MacDailyNews Take: A full-blown Dark Mode, please!

6 Comments

  1. Seriously! The white background is very 1990’s. they should have switched to a dark background and an e-ink look long ago. As soon as they do, everything will look ridiculously dated. You know, though, MDN, you guys could always give it a head start by redesigning your website and app’s asthetics in a similar fashion. Pioneer it, innovate! 🙂 I’d love if MDN’s app were soooo good that it wound up on a “best of iOS design” list someday.

  2. I would love an app that shocks Tim Cook’s nipples for every time my Mail crashes, every time I can’t find what I am looking for in the app store and every time I hear his meager quivering voice on stage. The man in not full of ideas and most of all lacks the passion. Come on the only thing you can say that has been new to come out of Cupertino are wireless earbuds and a touchbar on the macbook.

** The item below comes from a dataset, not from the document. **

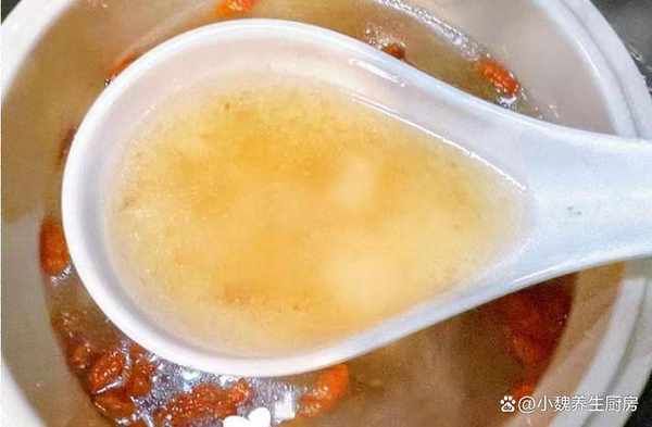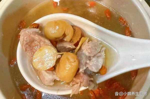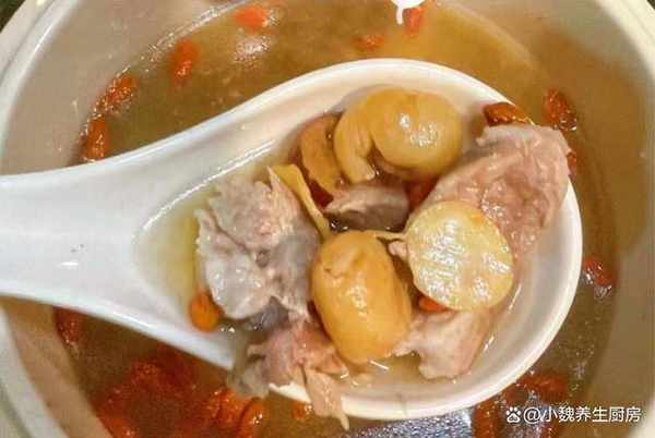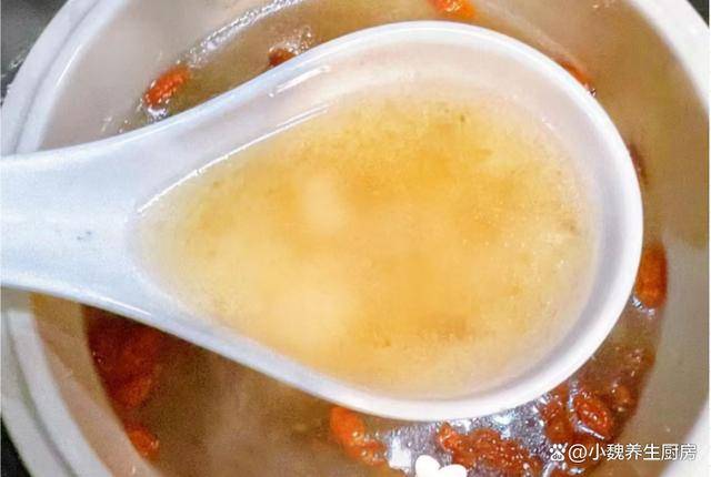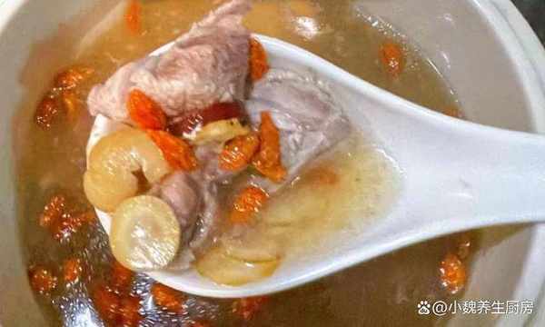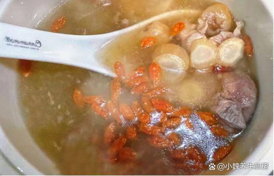 第五步:繼續轉小火燉煮一個小時,讓瘦肉燉至軟爛,最後丟入一些枸杞子,出鍋前加上少許食鹽,加上半勺胡椒粉,用勺子迅速攪動,燉煮一小會兒,關火出鍋,這道西洋參桂圓瘦肉湯就烹飪完成瞭。

Where is all that R & D going to? Apple is incapable of walking and chewing gum. They are turning into the company Steve Jobs labled Microsoft as. The sales people have taken over the store. Sad days ahead.

  3. Come on MACDailey just use Night Shift and you can have any color of screen that you want. Bells Palsy left me with dilated eyes. So I have the screen at a nice amber color. It works perfectly

    1. I agree that Apple desperately needs someone with expertise in readability and efficient GUI design. Not only is the gray on white painful to read, and the skinny font absolutely unacceptable for anyone with eyes older than a teenager, now Apple hides so many things that a person has to stop and swipe in all directions to accomplish the simplest tasks. Want to scrub through a podcast? Good luck with that. The microscopic scrubber bar is an exercise in frustration. Want to move the cursor on an iPhone text entry box? Sorry, no easy way to do that, must dink around for 2 minutes attempting to do so while iOS takes horrid guesses selecting entire words and phrases. Need to fill out address forms? Well with all that deep Maps experience, Apple can’t let you just type in a postal code to auto-populate city and province. Oh no, you have to scroll through the whole list to fill out every field. And is TouchID replacing the password? Nope. Apple seems to want to use it only for unlocking the device and Apple Pay, instead of automatic password entry for every single password you have to type a gazillion times a day.

      And yet as slow as Apple moves on making iOS more efficient, Apple is even worse on the Mac. Sure would be nice if Apple could innovate the Mac at the same rate it attempts to update iOS. Night Shift is just one example where Apple is inconsistent. Why introduce a great technology and then implement it on only one device?